→ **What the exercise asks**
Word for word, retype the lines from the one containing "La pluja va" to the one containing "- Multifunzione e" below, keeping both end lines and dropping the pictures.

→ **Listed records**
####
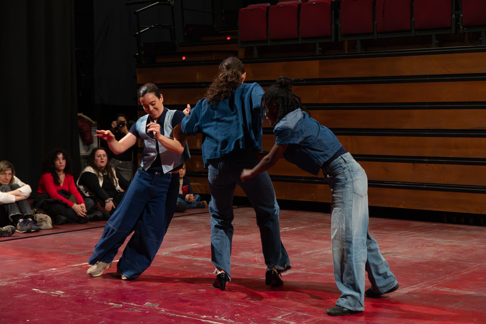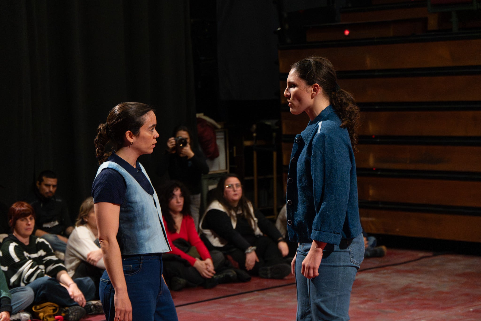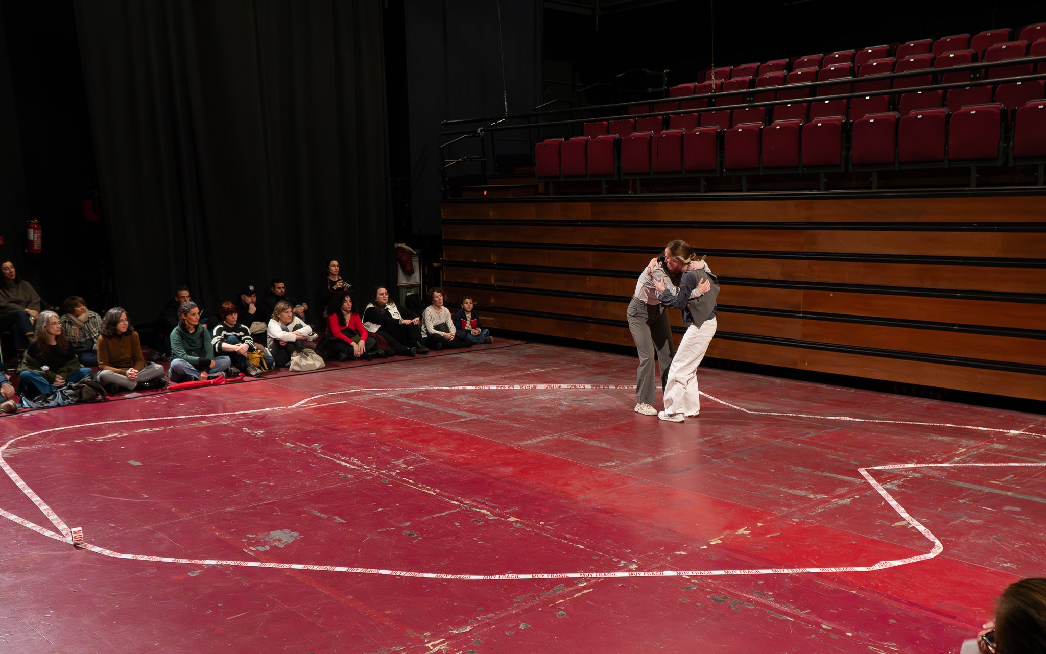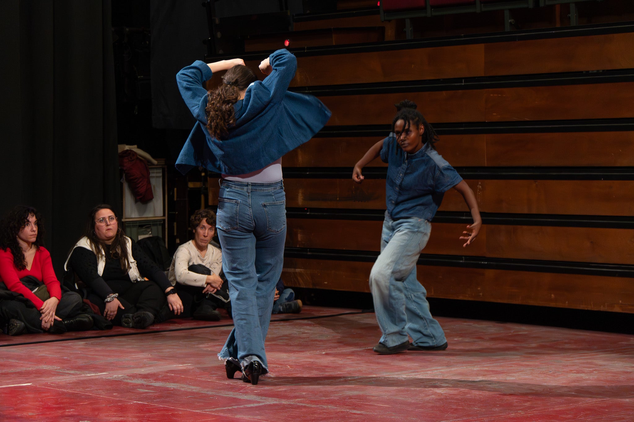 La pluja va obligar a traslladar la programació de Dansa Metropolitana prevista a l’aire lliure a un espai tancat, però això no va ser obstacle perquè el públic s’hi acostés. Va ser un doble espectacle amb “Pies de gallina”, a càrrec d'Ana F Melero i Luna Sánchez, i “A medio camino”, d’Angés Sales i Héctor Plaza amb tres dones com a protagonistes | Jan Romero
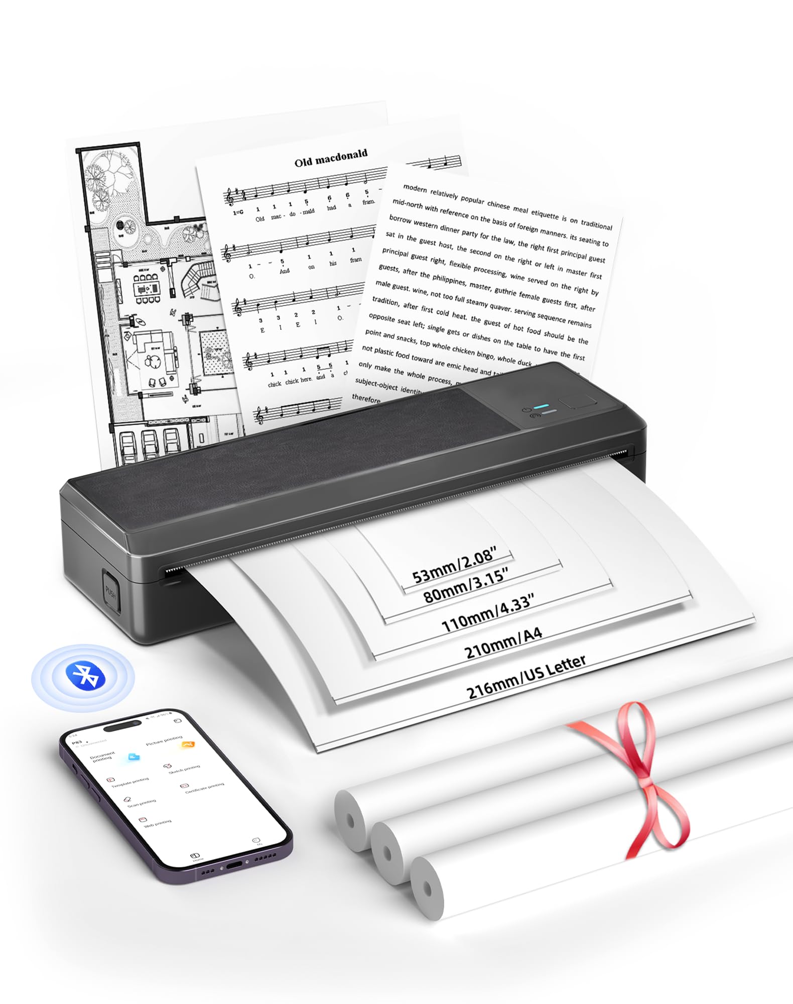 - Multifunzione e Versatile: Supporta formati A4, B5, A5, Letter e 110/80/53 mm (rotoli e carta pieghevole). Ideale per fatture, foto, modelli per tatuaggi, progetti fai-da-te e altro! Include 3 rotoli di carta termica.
####
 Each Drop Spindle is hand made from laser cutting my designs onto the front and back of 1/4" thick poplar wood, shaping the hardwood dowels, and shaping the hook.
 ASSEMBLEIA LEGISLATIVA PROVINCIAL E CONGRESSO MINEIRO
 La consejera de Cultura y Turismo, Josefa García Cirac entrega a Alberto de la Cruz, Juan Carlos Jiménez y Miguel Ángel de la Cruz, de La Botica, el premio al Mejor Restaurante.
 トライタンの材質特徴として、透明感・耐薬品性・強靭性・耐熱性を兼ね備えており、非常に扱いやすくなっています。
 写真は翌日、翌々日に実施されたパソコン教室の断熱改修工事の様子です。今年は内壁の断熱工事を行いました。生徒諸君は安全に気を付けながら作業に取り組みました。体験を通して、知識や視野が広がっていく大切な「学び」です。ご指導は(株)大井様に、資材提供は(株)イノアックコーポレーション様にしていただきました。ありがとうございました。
####
→ **Solution to this problem**
 La pluja va obligar a traslladar la programació de Dansa Metropolitana prevista a l’aire lliure a un espai tancat, però això no va ser obstacle perquè el públic s’hi acostés. Va ser un doble espectacle amb “Pies de gallina”, a càrrec d'Ana F Melero i Luna Sánchez, i “A medio camino”, d’Angés Sales i Héctor Plaza amb tres dones com a protagonistes | Jan Romero
 - Multifunzione e Versatile: Supporta formati A4, B5, A5, Letter e 110/80/53 mm (rotoli e carta pieghevole). Ideale per fatture, foto, modelli per tatuaggi, progetti fai-da-te e altro! Include 3 rotoli di carta termica.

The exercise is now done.